Two evening concerts which start at 8:30pm will take place on Wednesday 7 December 2011 at Rialto Theatre, Limassol and on Thursday 8 December 2011 at Strovolos Municipal Theatre, Nicosia. Tickets are available at the Theatres’ box office at €12 and €7 (Tel. 77777745, 22 313010). Entrance is free for children, students, soldiers and EURO<26 card holders. Information: 22 463144 and www.cyso.org.cy.

Under the music direction of Alkis Baltas we will hear the works Sinfonia Veneziana, “La Tempesta di mare”, the overture to the opera Cesare in Farmacusa, and works by Mozart such as the Sinfonia Concertante for Violin, Viola & Orchestra with soloists Natalia Lomeiko (violin) and Yuri Zhislin (viola), Mithridates, King of Pontus overture and the Symphony No. 35.

The programme:
Composed around 1786 and first performed in Venice, this sinfonia for chamber orchestra was assigned the title La Veneziana by its first modern editor. A considerable part of its musical content derives from Salieri’s overture to the opera buffa La scuola de gelosi.

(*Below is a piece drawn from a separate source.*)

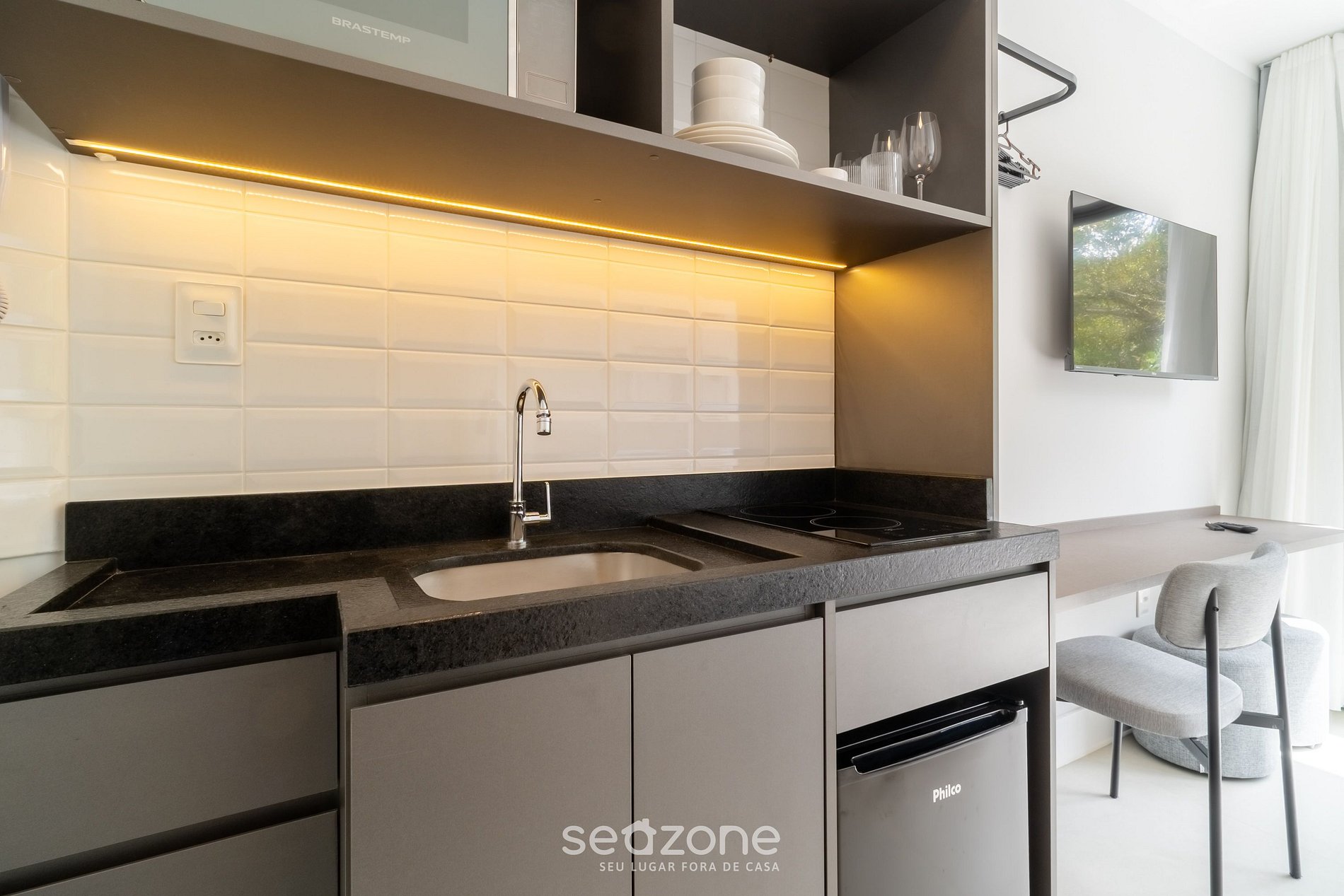 - Cozinha completa com frigobar, fogão cooktop (elétrico), micro-ondas, sanduicheira, cafeteira elétrica, chaleira, liquidificador, taças de vinho, panelas, louças e utensílios;

The two-act opera Cesare in Farmacusa, on a libretto by de Franceschi, tells the story of Julius Caesar’s capture by Sicilian pirates on the island of Farmacusa and his struggle to escape from captivity. The opera premiered with great success in Vienna’s Kärntnerthortheater in June 1800.

Greatly influenced by his tour around Europe from 1777 to 1779, and particularly by his visit to the Mannheim court orchestra, Mozart wished to experiment with more complex orchestral dynamics, and particularly with the sinfonia concertante, which was becoming increasingly popular at the time. Mozart’s only surviving complete work of this type, the Sinfonia Concertante in E flat major was composed in Salzburg in late 1779, after two incomplete attempts in composing works of the same genre.

Composed at the age of fourteen, Mozart’s fourth opera, Mitridate, Re di Ponto, was commissioned by the Count Carl Joseph Firmian, the Governor of Lombardy, to be performed at the opening of the forthcoming carnival season. Mozart received Cigna-Santi’s libretto, based on stories by Racine and Parini, on 27 July 1770; a day after Christmas the opera’s first performance took place at the Teatro Reggio Ducale in Milan, with such great success that no less than twenty-one performances followed. The opera tells the story of Mitridate, who happens to be in love with the same girl as his two sons.

In mid-1782, Mozart, who had already been living in Vienna for more than a year, was asked by his father to compose a new work for the ennoblement of Salzburg’s mayor, Sigmund Haffner. Mozart responded to the request, composing a six-movement Serenade-Symphony in D major. Six months later, in need of a new symphony for his upcoming concerts at the Burgtheater, he transformed the Serenade-Symphony into a new piece, leaving out the two minuet movements and adding a pair each of flutes and clarinets. He conducted the symphony on 23 March 1783, at a full-house performance crowned with success.